TEMPO.CO, Jakarta -Polisi menolak proses diversi sembilan dari 58 anak yang dititipkan di Balai Rehabilitasi Sosial Anak yang Memerlukan Perlindungan Khusus (BRSAMPK) Handayani karena terlibat kerusuhan 22 Mei.
Kepala Rehabilitasi Handayani, Neneng Hariyani, mengatakan proses hukum anak yang ditolak masih terus berjalan di pihak kepolisian.
Baca : Merasa Diancam Polisi, Keluarga Korban Tewas Saat Kerusuhan 22 Mei Lapor ke LPSK
Diversi merupakan pengalihan penyelesaian perkara dari proses peradilan ke proses di luar peradilan pidana.
"Yang diversinya ditolak jadi tetap disidik oleh polisi," kata Kepala Balai saat dihubungi, Senin, 17 Juni 2019.
Dari 58 anak yang dititipkan, kata Neneng, sebanyak 17 anak telah dikembalikan kepada orang tuanya setelah melalui proses diversi. Diversi merupakan pengalihan penyelesaian perkara dari proses peradilan ke proses di luar peradilan pidana.

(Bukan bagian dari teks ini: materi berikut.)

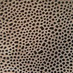 Rurkowy, o barwie początkowo białoróżowej, później brudnocielistej. Po uciśnięciu ciemnieje. Rurki mają długość 5–7 mm i tworzą wiele niewyraźnych warstw. Pory rurek są kanciaste i drobne; na 1 mm mieszczą się 3–4 (wyjątkowo do 5) porów. Każdy z nich ma średnicę 0,1–0,3 mm, a ściany porów są grube. W starszych warstwach pory te przerośnięte są białą grzybnią. Hymenofor ma słaby, grzybowy zapach i gorzki smak[5].

Sedangkan, kata dia, sisanya akan direhabilitasi selama satu bulan sampai enam bulan. Anak yang direhabilitasi selama enam bulan ada 23 orang. Sedangkan, sisanya ada yang enam bulan karena dianggap sebagai pelaku kerusuhan.
"Yang satu bulan direhabilitasi adalah anak yang ikut-ikutan. Setelah direhabilitasi mereka akan dikembalikan kepada orang tuanya."
Baca juga : Terbukti Tak Terlibat Kerusuhan 22 Mei, Balai Rehabilitasi: 13 Anak Dipulangkan
Neneng menuturkan, sembilan anak yang ditolak proses diversinya oleh polisi masih mempunyai kesempatan di tingkat kejaksaan. Sembilan anak tersebut, kata dia, masih bisa mengajukan diversi oleh jaksa. "Jadi belum tertutup proses diversi untuk sembilan anak itu," ujarnya.
Menurut Neneng, ada sejumlah alasan yang menyebabkan sembilan anak gagal mengajukan proses diversi kepada polisi, terkait peristiwa kerusuhan 22 Mei. "Tapi yang mengetahui alasan itu polisi mengapa mereka menolak diversi sembilan anak itu," ucapnya.